Rochambeau

Time Limit: 5000MS		Memory Limit: 65536K
Total Submissions: 5208		Accepted: 1778

題目連結：http://poj.org/problem?id=2912

Description:

N children are playing Rochambeau (scissors-rock-cloth) game with you. One of them is the judge. The rest children are divided into three groups (it is possible that some group is empty). You don’t know who is the judge, or how the children are grouped. Then the children start playing Rochambeau game for M

rounds. Each round two children are arbitrarily selected to play Rochambeau for one once, and you will be told the outcome while not knowing which gesture the children presented. It is known that the children in the same group would present the same gesture (hence, two children in the same group always get draw when playing) and different groups for different gestures. The judge would present gesture randomly each time, hence no one knows what gesture the judge would present. Can you guess who is the judge after after the game ends? If you can, after how many rounds can you find out the judge at the earliest?

Input:

Input contains multiple test cases. Each test case starts with two integers N and M (1 ≤ N ≤ 500, 0 ≤ M ≤ 2,000) in one line, which are the number of children and the number of rounds. Following are M lines, each line contains two integers in [0, N) separated by one symbol. The two integers are the IDs of the two children selected to play Rochambeau for this round. The symbol may be “=”, “>” or “<”, referring to a draw, that first child wins and that second child wins respectively.

Output:

There is only one line for each test case. If the judge can be found, print the ID of the judge, and the least number of rounds after which the judge can be uniquely determined. If the judge can not be found, or the outcomes of the M rounds of game are inconsistent, print the corresponding message.

Sample Input:
3 3
0<1
1<2
2<0
3 5
0<1
0>1
1<2
1>2
0<2
4 4
0<1
0>1
2<3
2>3
1 0

Sample Output:
Can not determine
Player 1 can be determined to be the judge after 4 lines
Impossible
Player 0 can be determined to be the judge after 0 lines

題意：

n個小朋友被分為三組玩剪刀石頭布，每一組的小朋友只出固定的招數，但是這些小朋友裡面有個裁判，他可以任意出，現在問是否能夠確定出這個裁判，最少經過幾輪？

 

題解：

三個組並且是個關於輸贏的環狀關係，所以我們可以思考帶權並查集，v[x]代表x與其父親結點的關係，v[x]=0代表同類，v[x]=1代表x贏他父親，v[x]=2就代表輸了。
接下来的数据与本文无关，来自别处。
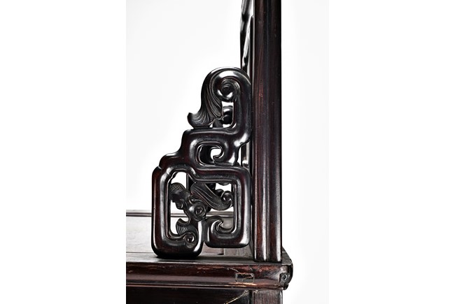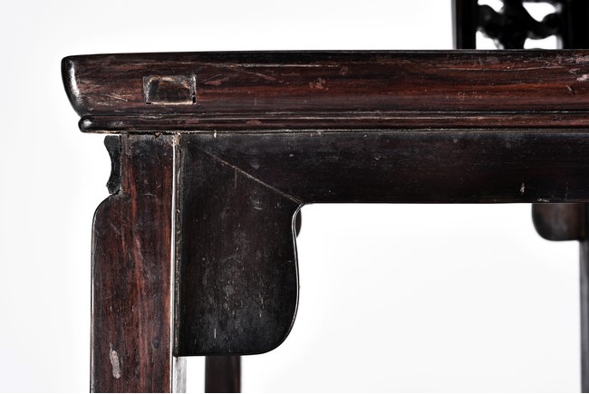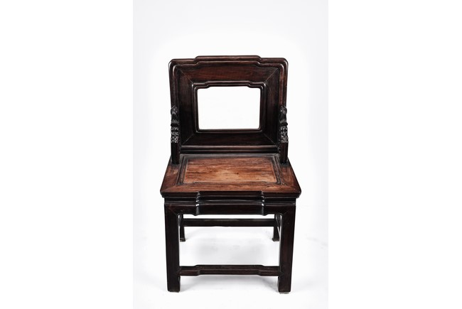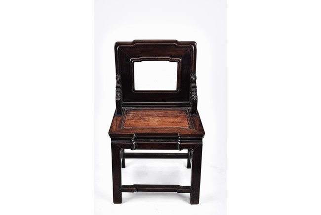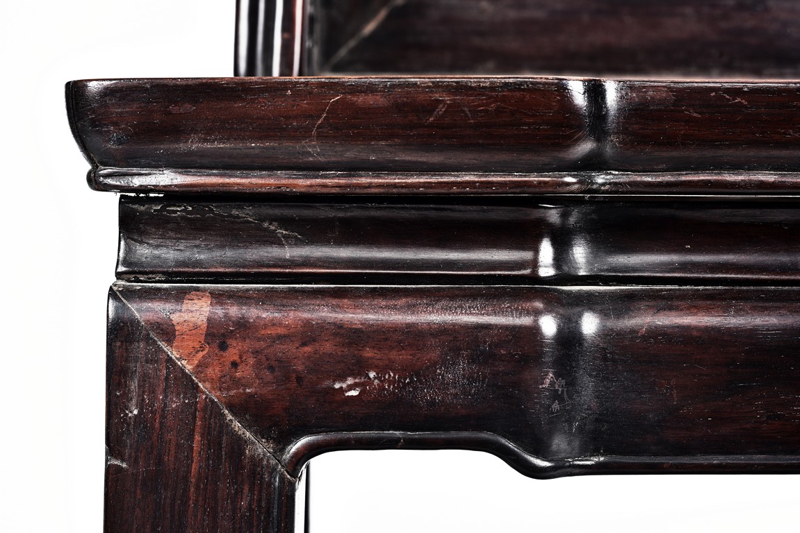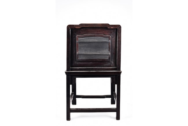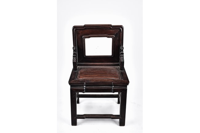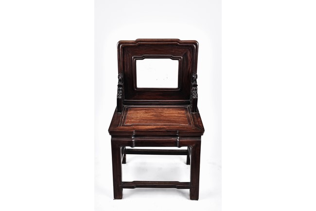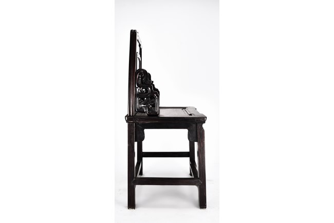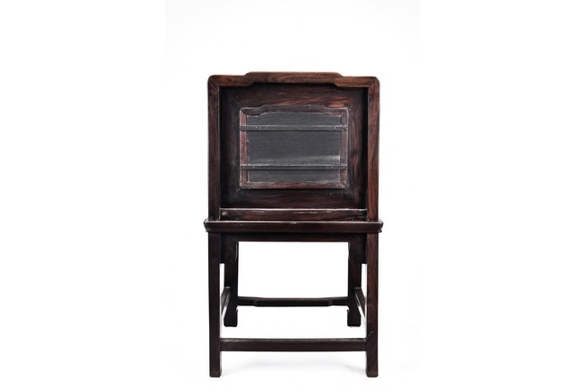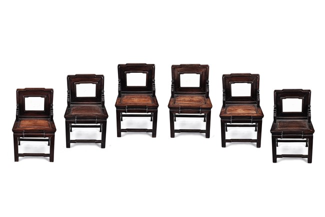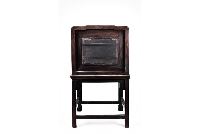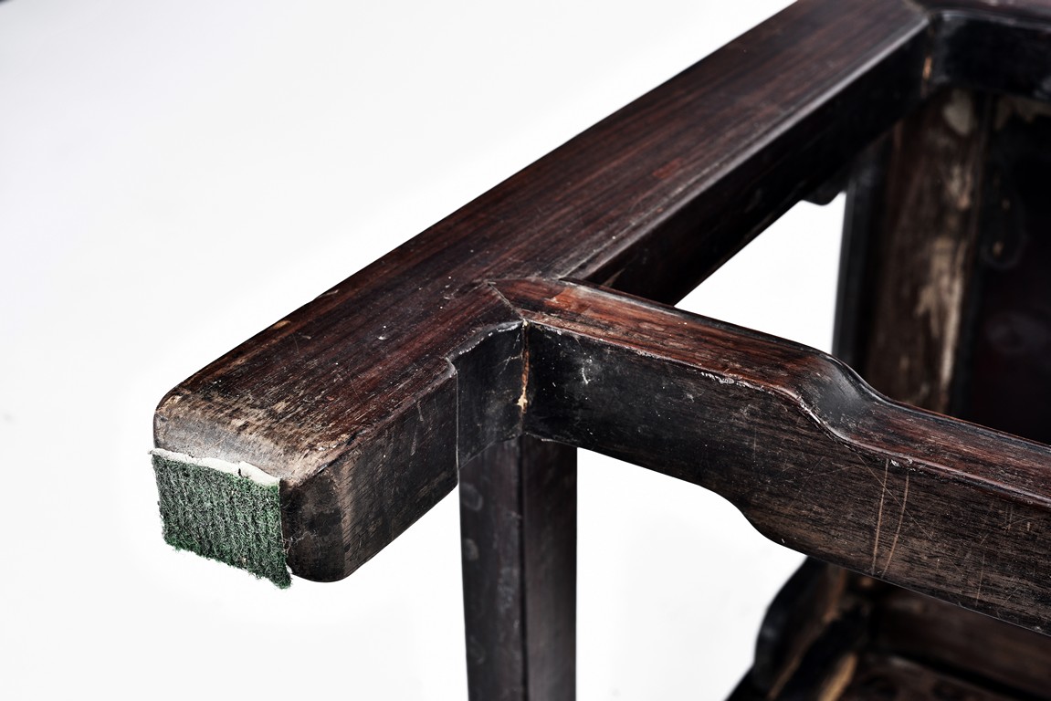 Each chair with scroll form chilong arm, the back inset with rectangular marble panel, with recessed waist, the legs joined by stretchers. Qing Dynasty period.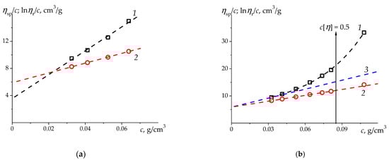 The Huggins (1) and Kraemer (2) plots for sodium polystyrene-4-sulfonate (PSSNa) (sample PSSNa-7 in Table 2) in aqueous 4.17 M NaCl (θ-solvent at 25 °C) [,] with different data approximation: (a)—linear fits (lines 1 and 2) in the range of relative viscosities (, , (1); , , (2)); and (b)—overall parabola (1) in the full measured range , Kraemer linear fit (line 2), and tangent (line 3) to the 2-nd degree polynomial fit in the range (which (3) leads to the values , ). Overall parabola (1) is drawn for clarity in order to emphasize the curvature of the dependence in the interval ).

現在關鍵是這個裁判，我們通過思考可以發現，假如確定了這個人為裁判，那麼他參與的幾次都不算做分組。

但如何去確定就是個問題。注意這題時間限制挺大的，所以我們直接列舉，假定每個人都作為裁判就行了。

最後還要確定經過幾輪遊戲，這裡挺有意思的：

確定目前這個人為裁判，這等價於排除其他所有人不是裁判的最少次數，這個在列舉其他人作為裁判時就可以進行處理了。

 

程式碼如下：

#include <cstdio>
#include <cstring>
#include <algorithm>
#include <iostream>
using namespace std;

const int N = 2505;
int n,m;
int f[N],a[N],b[N],v[N],ans[N];
char c[N];

int find(int x){
    if(x==f[x]) return x;
    int tmp=f[x];
    f[x]=find(f[x]);
    v[x]=(v[x]+v[tmp])%3;
    return f[x];
}

int main(){
    while(~scanf("%d%d",&n,&m)){
        for(int i=1;i<=m;i++) scanf("%d%c%d",&a[i],&c[i],&b[i]);
        int tot = 0,cnt = 0,l = 0;
        memset(ans,0,sizeof(ans));
        for(int i=0;i<n;i++){
            bool flag=true;cnt=0;
            for(int j=0;j<=n;j++) f[j]=j,v[j]=0;
            for(int j=1;j<=m;j++){
                if(a[j]==i || b[j]==i) continue;
                int fx=find(a[j]),fy=find(b[j]);
                if(c[j]=='>'){
                    if(fx==fy && (v[a[j]]+3-v[b[j]])%3!=2) flag=false,cnt=j;
                    else{
                        f[fx]=fy;
                        v[fx]=(3-v[a[j]]+2+v[b[j]])%3;
                    }
                }else if(c[j]=='<'){
                    if(fx==fy && (v[a[j]]+3-v[b[j]])%3!=1) flag=false,cnt=j;
                    else{
                        f[fx]=fy;
                        v[fx]=(3-v[a[j]]+1+v[b[j]])%3;
                    }                    
                }else{
                    if(fx==fy && (v[a[j]]+3-v[b[j]])%3!=0) flag=false,cnt=j;
                    else{
                        f[fx]=fy;
                        v[fx]=(3-v[a[j]]+v[b[j]])%3;
                    }
                }
                if(!flag) break;
            }
            if(flag) ans[++tot]=i;
            l=max(l,cnt);
        }
        if(tot==0) puts("Impossible");
        else if(tot>1) puts("Can not determine");
        else printf("Player %d can be determined to be the judge after %d lines\n",ans[1],l);
    }
    return 0;
}